This is such precious and sacred time with my mom. It is beautiful and heart wrenching.
I keep physical contact as much as I can when I’m with her. And every time I leave the room for something she stirs and wakes up. Spirit to spirit, she knows when she’s alone, and when she’s not alone. It’s such a tender mercy to care for my momma this way.
And yet I’m so sad. I’ve thought so much about that and pondered about my feelings and if I should cry knowing such a beautiful eternal perspective. One of my favorite verses of scripture is simply “Jesus wept.” He wept with his friends in their sadness. I believe in a Savior and Heavenly Parent's in whose image I am made, and in whose emotions I feel. So I weep.
We talked about how to announce all that is happening. We decided on a simple social media heads up. Lexi helped gather some pictures to share. This has always been one of my absolute favorite pictures of my beautiful mom and baby. I wouldn’t be where I am today without these two.

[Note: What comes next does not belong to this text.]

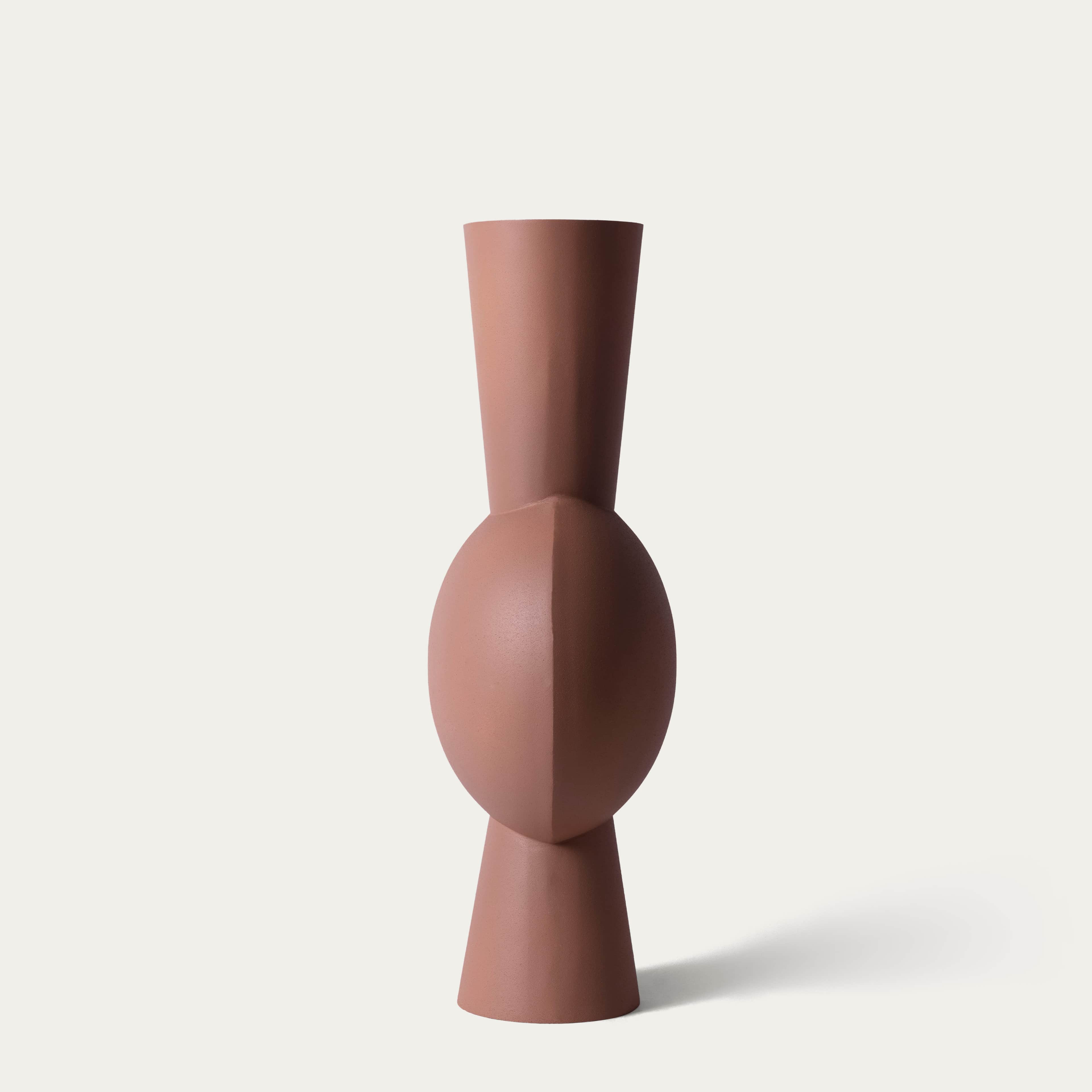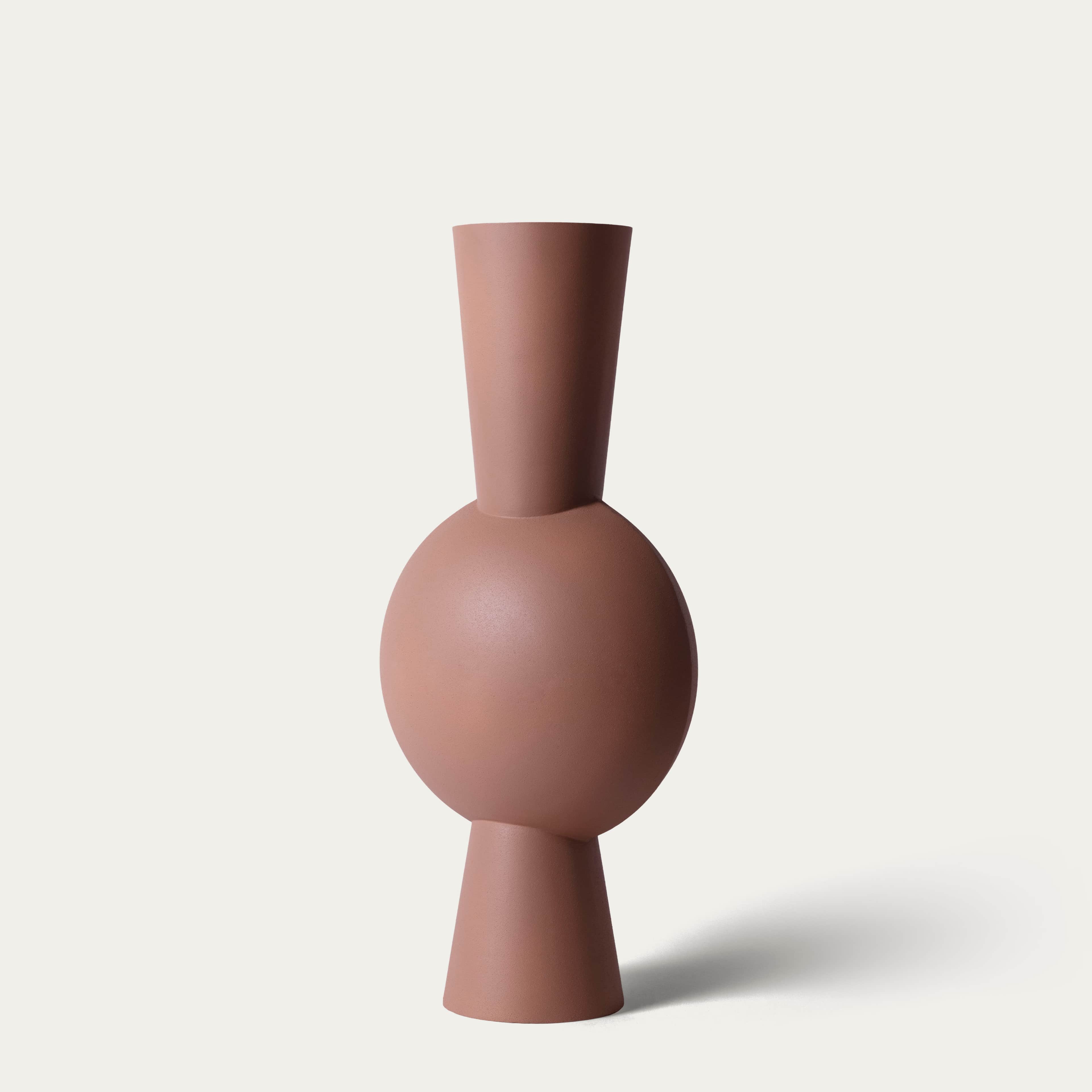Een perzikkleurige vaas met een bolvormig lichaam. Zacht en sculpturaal; een rustige basis die elke compositie mooi ondersteunt.

And then with our girl all grown up. 💕
Her house is covered in pictures of her grandchildren. Each one is so beloved to her.
Forever grateful we came together to celebrate our mom for her 70th birthday. I believe in celebrations.
Today she will come home and be able to be fully surrounded by love around the clock. The days feel long and short at the same time. Embracing every beautiful moment.